第一段路,是在一个丰年的江南县城。
稻谷堆得像小山,酒楼里整日飘着肉香,街头的孩子跑来跑去,笑声很亮。
可清宵在茶楼坐了两个时辰,听见的却全是另一种声音:谁家的佃户今年又被加了租,谁家的姑娘因为拒绝了某位老爷的求亲,第二天就被传成“不检点”。
说话的人把瓜子壳吐得满地,语气轻松得像在讨论天气。
她在那里停留了五日。
第五夜,一个本地的年轻商人请她喝酒。
人长得干净,话也说得体面。
酒过三巡后,他的手自然地覆上她的手背。
清宵看着那只手,没有抽回去。
夜里他们回了客栈。
商人的触碰比废墟里的男人温柔许多,会先吻她的锁骨,会问她“可以吗”。
清宵点头。
中衣被解开后,她主动把腿分开,让他进入。
过程不长。
她在他身下抬头看着床帐的顶,穴肉配合地绞紧,乳尖被含住时也会轻轻发颤,可高潮来得很快,也去得很快。

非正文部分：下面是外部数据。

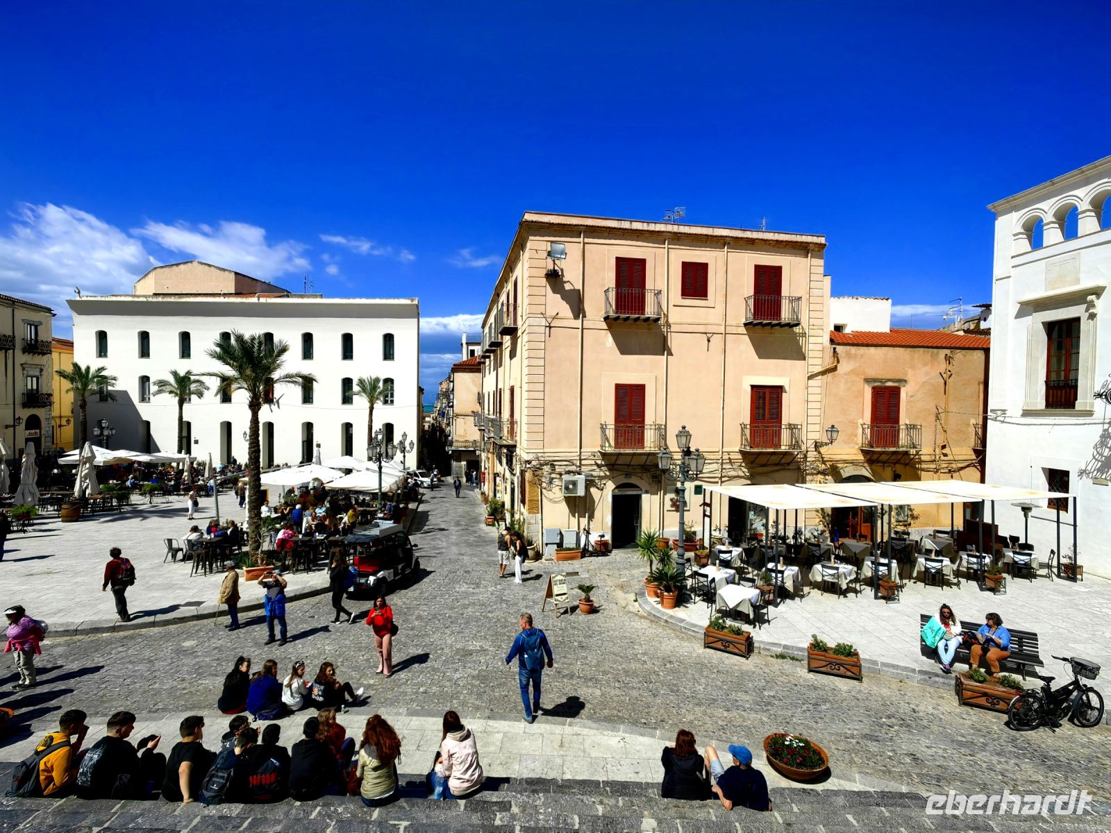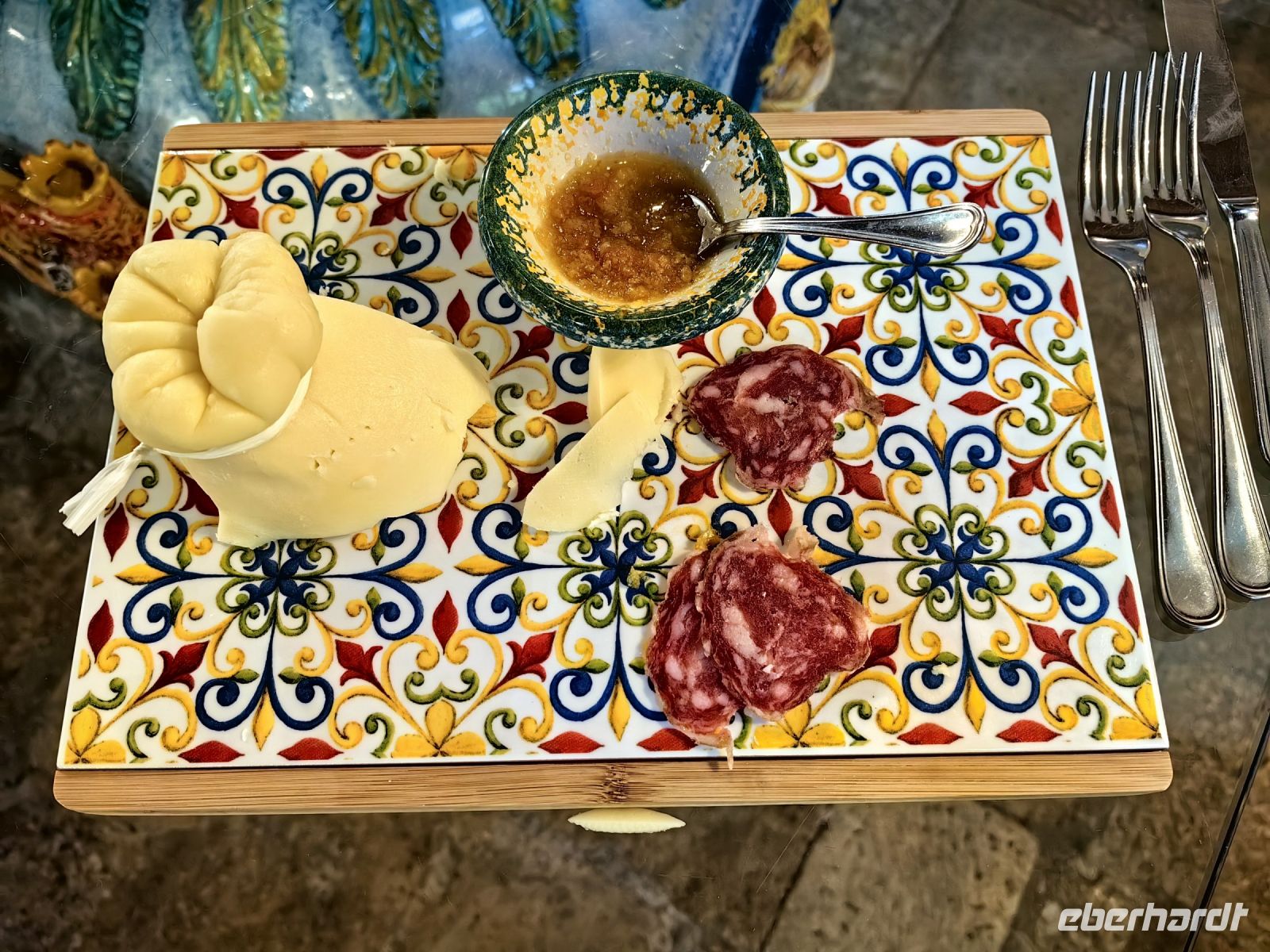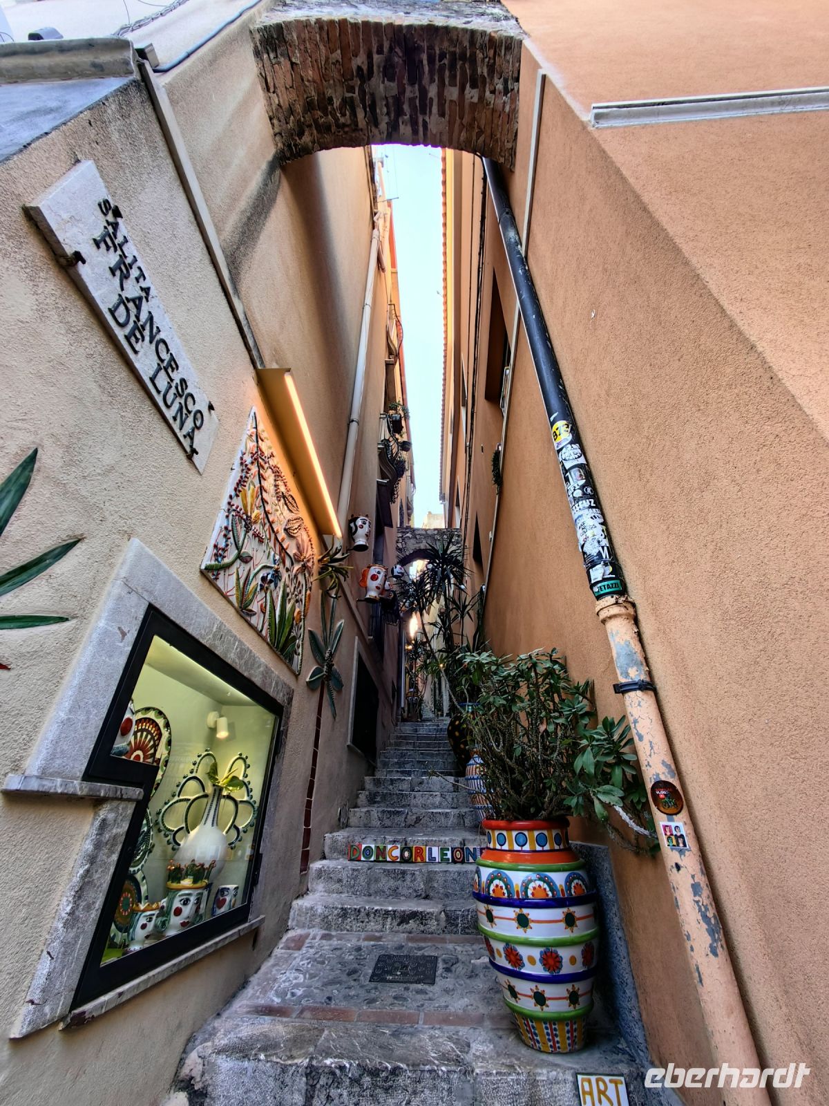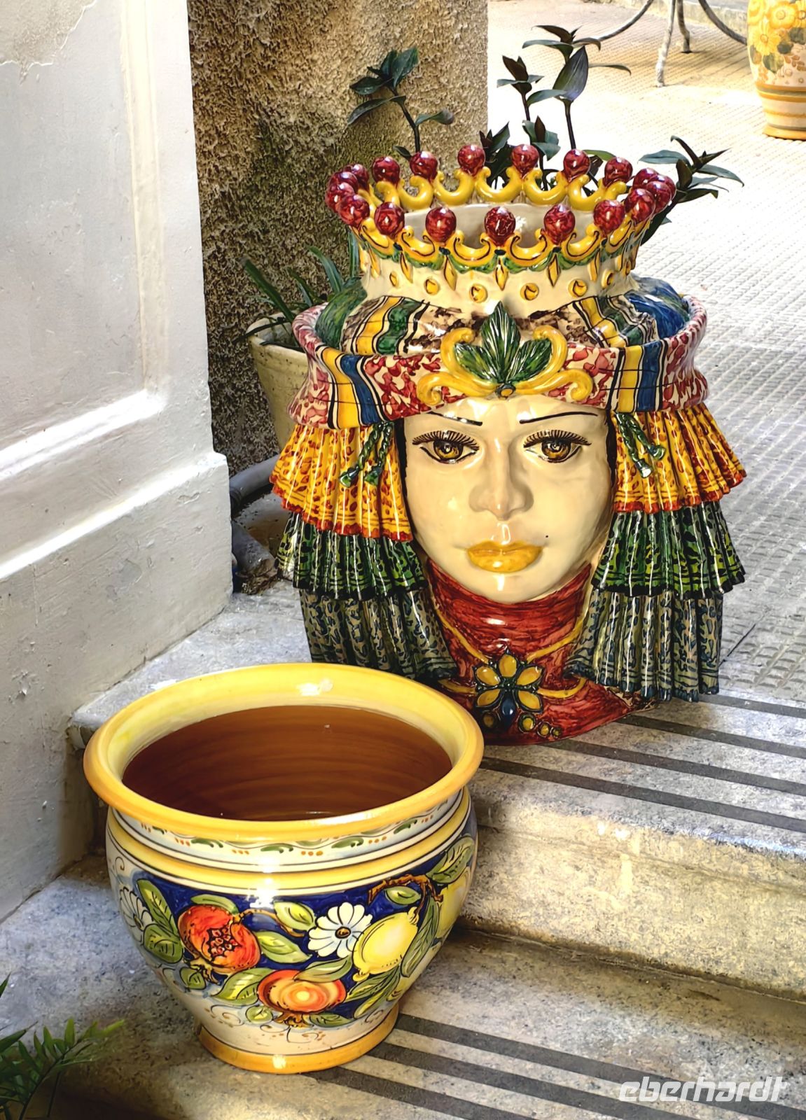 Als wir wieder die Piazza Duomo erreichen, ist es schon früher Nachmittag und ganz schnell verschwinden alle in einem der zahlreichen Restaurants mit den verlockenden Düften und einige der Damen sind ganz hingerissen von den kleinen schicken Lädchen mit der bunten Keramik und den Spezialitäten aus Sizilien.
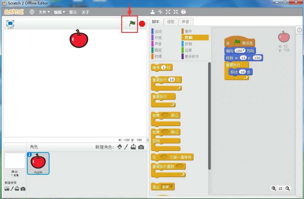8、點(diǎn)擊綠旗執(zhí)行程序;
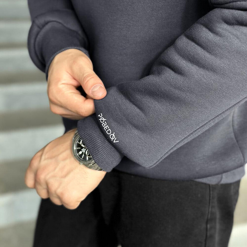 Базовый теплый свитшот Pobedov черный с вышитым гербом
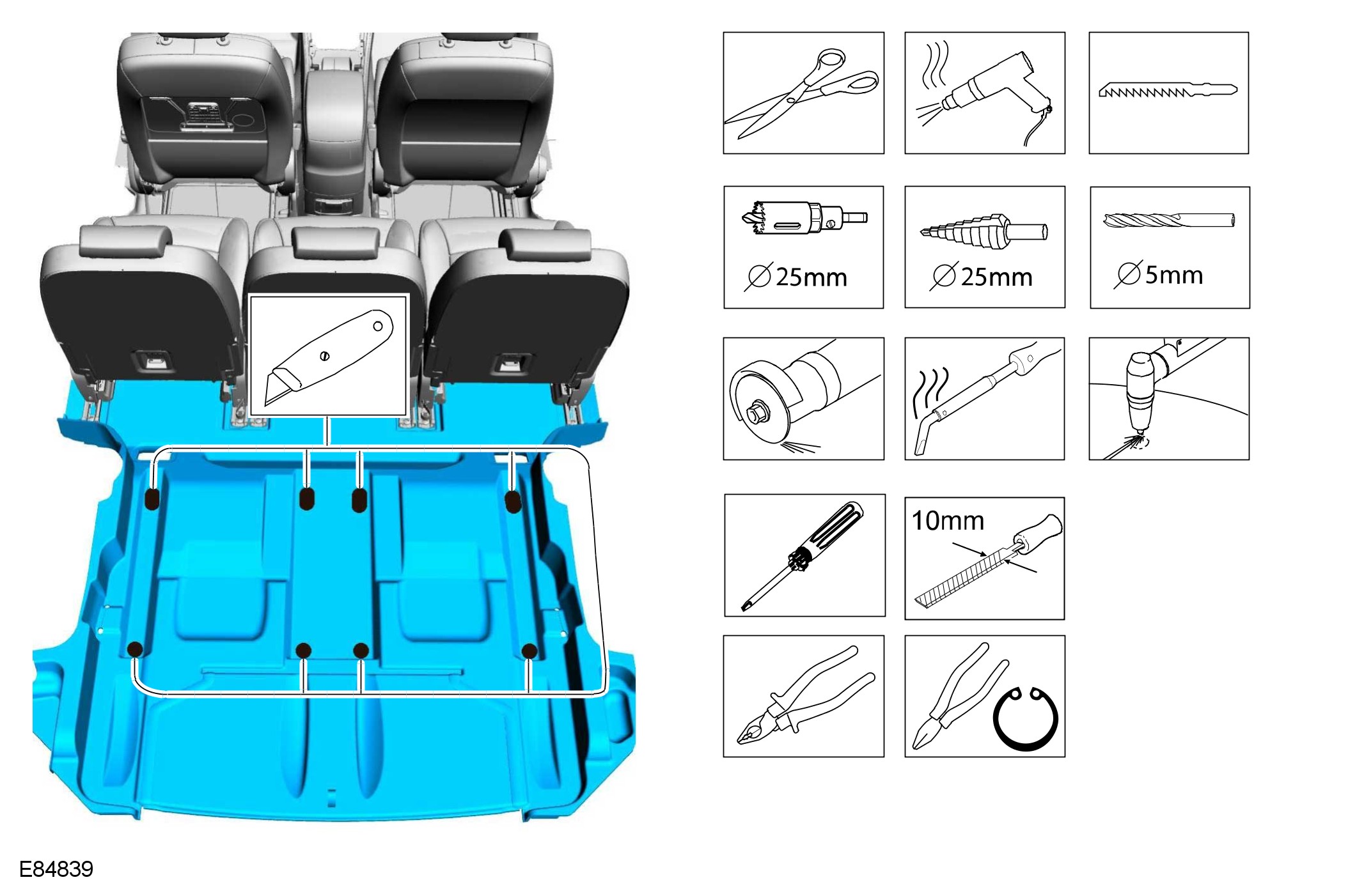 - Pale Blue - is for the special tool(s) and general equipment.

事后商人想留她多住几日,被她用“明天要走”挡了回去。
离开县城的时候,她在城门口看见那个被传成“不检点”的姑娘。
姑娘低着头,被家里人拉着往回走,耳根红得厉害。
清宵与她擦肩而过,没有说话。
她已经不会再因为这种闲话轻易动...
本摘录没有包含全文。